▼▼▼

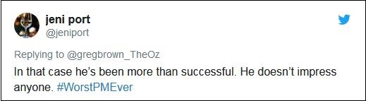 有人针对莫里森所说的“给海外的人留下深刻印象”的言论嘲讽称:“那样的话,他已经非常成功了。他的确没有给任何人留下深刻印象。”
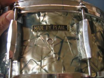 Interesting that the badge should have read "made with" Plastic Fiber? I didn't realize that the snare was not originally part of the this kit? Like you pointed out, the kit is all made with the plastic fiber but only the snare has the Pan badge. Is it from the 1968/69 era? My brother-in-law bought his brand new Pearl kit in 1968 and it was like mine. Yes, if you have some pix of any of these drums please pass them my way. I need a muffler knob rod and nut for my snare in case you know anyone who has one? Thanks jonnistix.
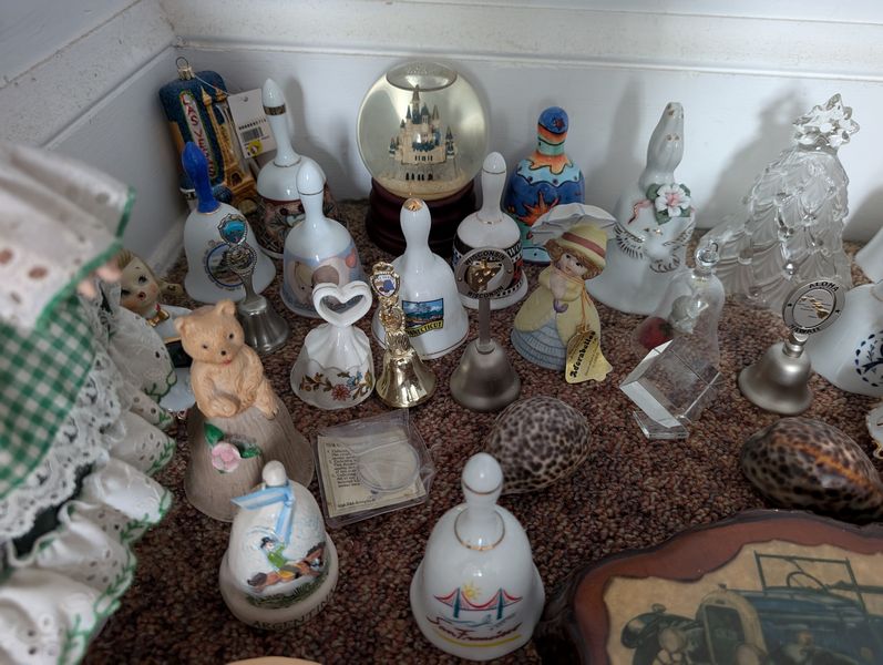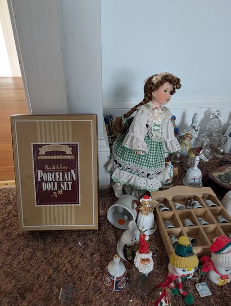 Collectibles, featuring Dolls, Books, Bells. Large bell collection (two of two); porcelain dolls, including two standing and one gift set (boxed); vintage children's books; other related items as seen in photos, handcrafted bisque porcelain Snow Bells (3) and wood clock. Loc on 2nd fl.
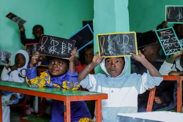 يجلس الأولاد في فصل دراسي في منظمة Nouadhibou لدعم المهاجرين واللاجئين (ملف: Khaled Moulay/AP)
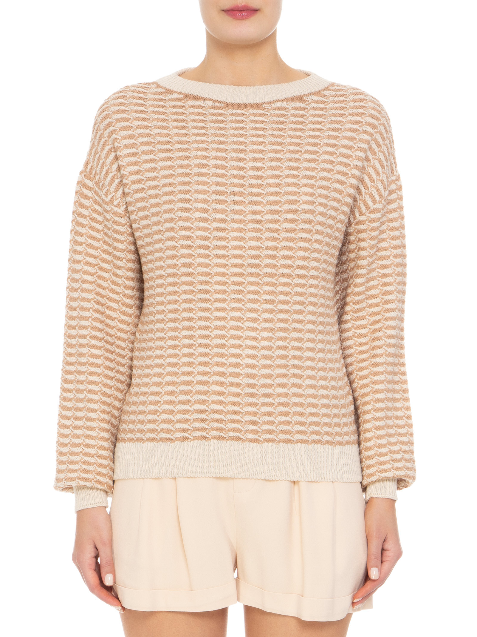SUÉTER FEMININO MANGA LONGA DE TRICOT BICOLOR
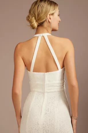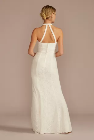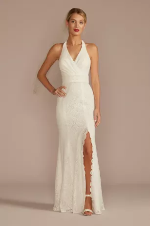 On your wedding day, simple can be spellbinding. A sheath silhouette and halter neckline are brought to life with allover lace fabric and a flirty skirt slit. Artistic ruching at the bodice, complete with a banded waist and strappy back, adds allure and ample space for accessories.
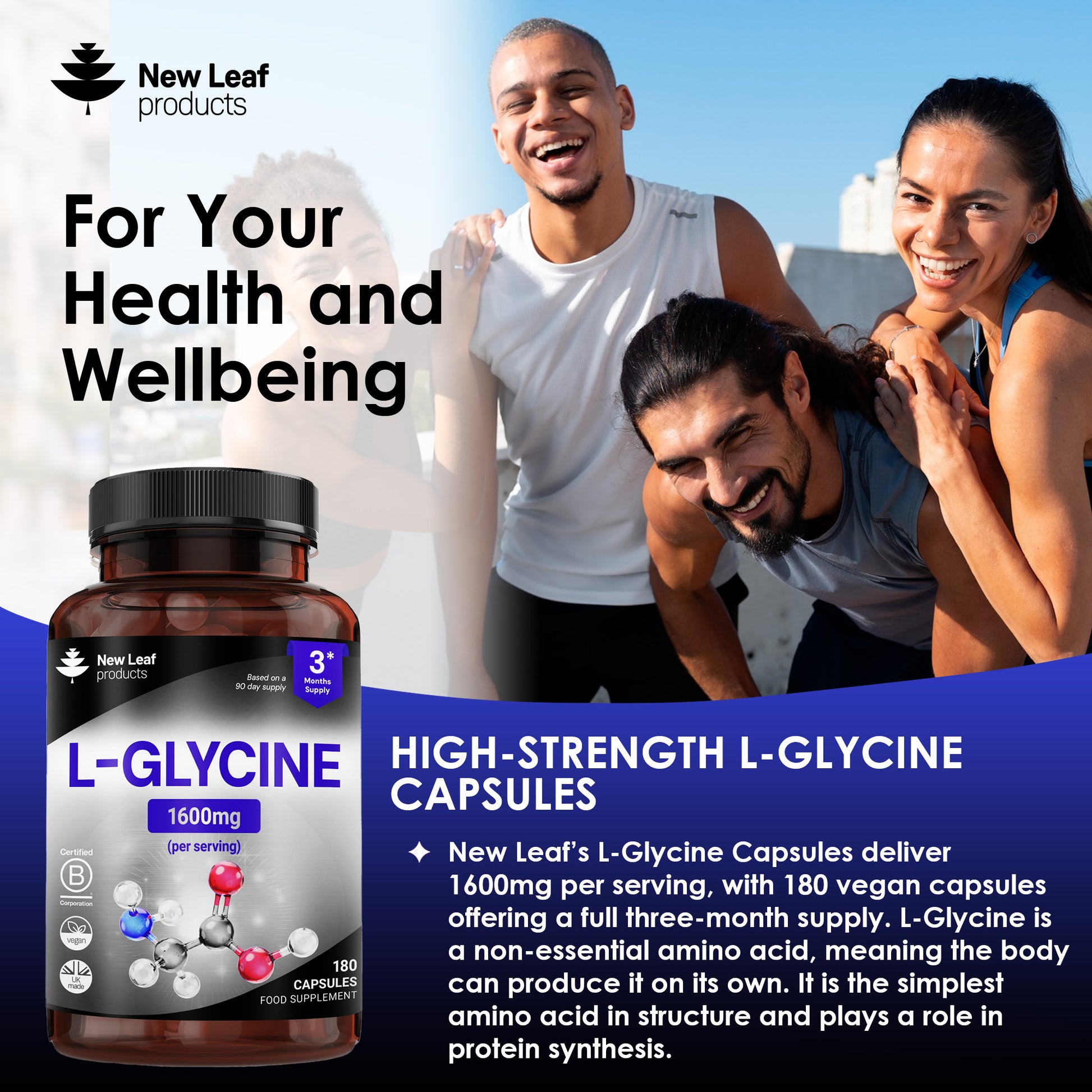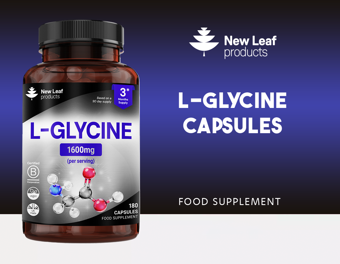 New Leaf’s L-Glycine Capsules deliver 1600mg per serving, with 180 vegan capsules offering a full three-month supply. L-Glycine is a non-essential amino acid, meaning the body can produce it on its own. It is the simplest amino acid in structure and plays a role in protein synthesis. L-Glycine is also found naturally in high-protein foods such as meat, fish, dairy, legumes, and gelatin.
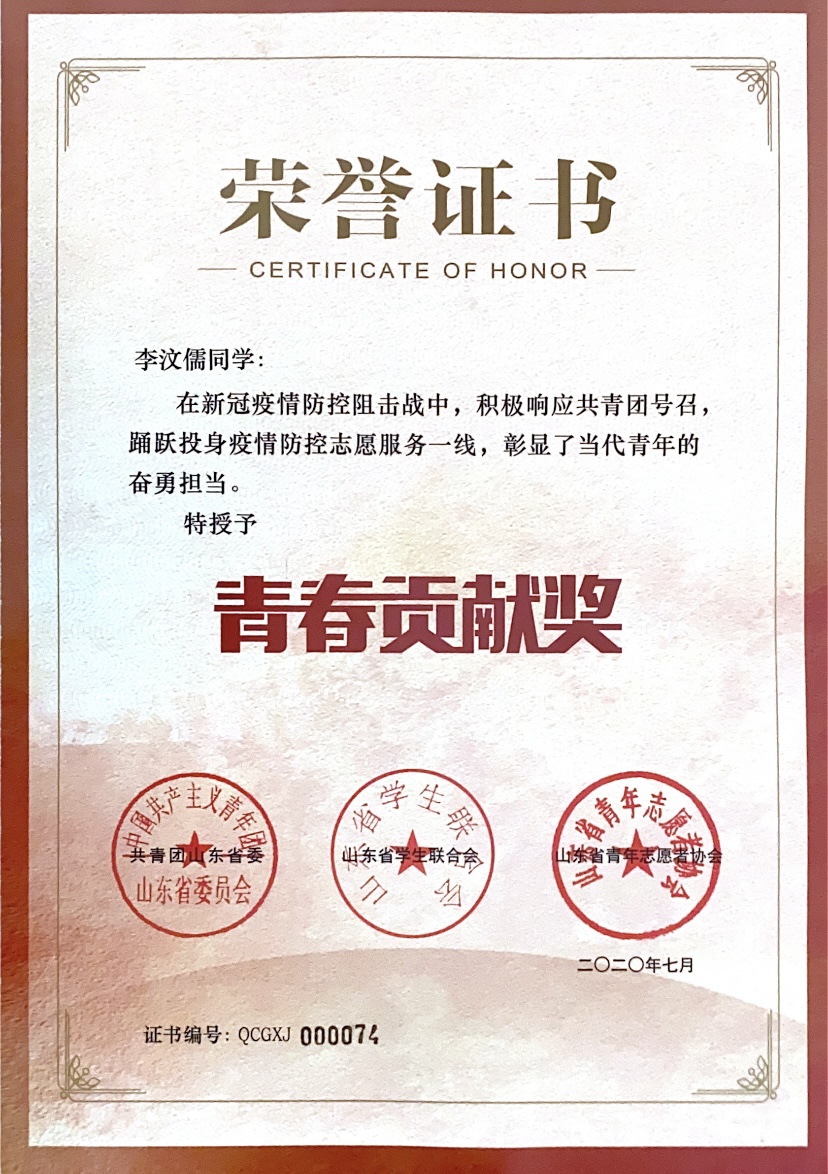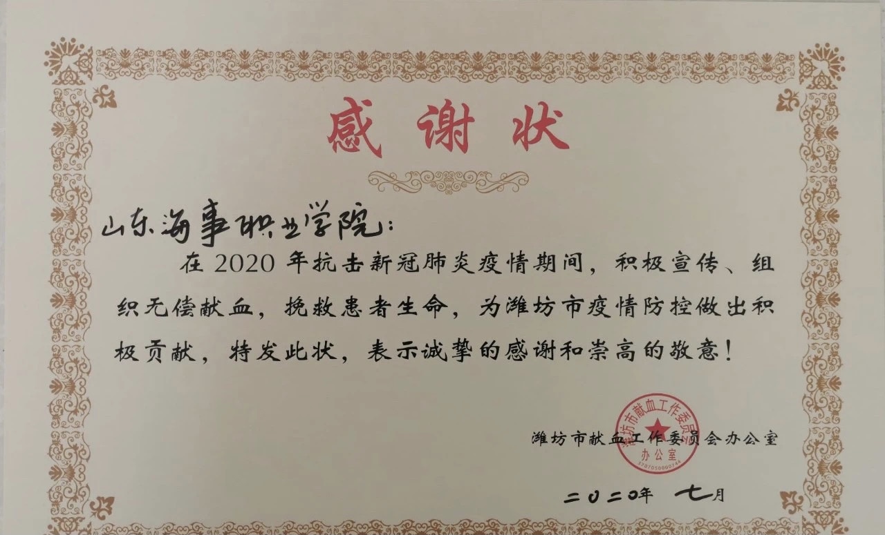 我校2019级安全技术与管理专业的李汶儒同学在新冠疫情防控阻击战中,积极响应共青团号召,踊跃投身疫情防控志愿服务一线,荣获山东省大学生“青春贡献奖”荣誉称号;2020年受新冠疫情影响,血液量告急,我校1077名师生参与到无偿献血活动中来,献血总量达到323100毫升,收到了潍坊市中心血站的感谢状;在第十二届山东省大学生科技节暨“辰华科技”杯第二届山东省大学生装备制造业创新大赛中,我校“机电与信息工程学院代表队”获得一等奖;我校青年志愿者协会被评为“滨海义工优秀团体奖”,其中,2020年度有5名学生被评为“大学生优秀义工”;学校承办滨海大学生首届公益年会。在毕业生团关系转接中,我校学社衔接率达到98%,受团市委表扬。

▲▲▲

**What to do**
Any picture in the listing is to be omitted. Return exactly the lines from the one containing "يجلس الأولاد في" through its last line, both included, and only those.

**Task solution**
 يجلس الأولاد في فصل دراسي في منظمة Nouadhibou لدعم المهاجرين واللاجئين (ملف: Khaled Moulay/AP)
SUÉTER FEMININO MANGA LONGA DE TRICOT BICOLOR
 On your wedding day, simple can be spellbinding. A sheath silhouette and halter neckline are brought to life with allover lace fabric and a flirty skirt slit. Artistic ruching at the bodice, complete with a banded waist and strappy back, adds allure and ample space for accessories.
 New Leaf’s L-Glycine Capsules deliver 1600mg per serving, with 180 vegan capsules offering a full three-month supply. L-Glycine is a non-essential amino acid, meaning the body can produce it on its own. It is the simplest amino acid in structure and plays a role in protein synthesis. L-Glycine is also found naturally in high-protein foods such as meat, fish, dairy, legumes, and gelatin.
 我校2019级安全技术与管理专业的李汶儒同学在新冠疫情防控阻击战中,积极响应共青团号召,踊跃投身疫情防控志愿服务一线,荣获山东省大学生“青春贡献奖”荣誉称号;2020年受新冠疫情影响,血液量告急,我校1077名师生参与到无偿献血活动中来,献血总量达到323100毫升,收到了潍坊市中心血站的感谢状;在第十二届山东省大学生科技节暨“辰华科技”杯第二届山东省大学生装备制造业创新大赛中,我校“机电与信息工程学院代表队”获得一等奖;我校青年志愿者协会被评为“滨海义工优秀团体奖”,其中,2020年度有5名学生被评为“大学生优秀义工”;学校承办滨海大学生首届公益年会。在毕业生团关系转接中,我校学社衔接率达到98%,受团市委表扬。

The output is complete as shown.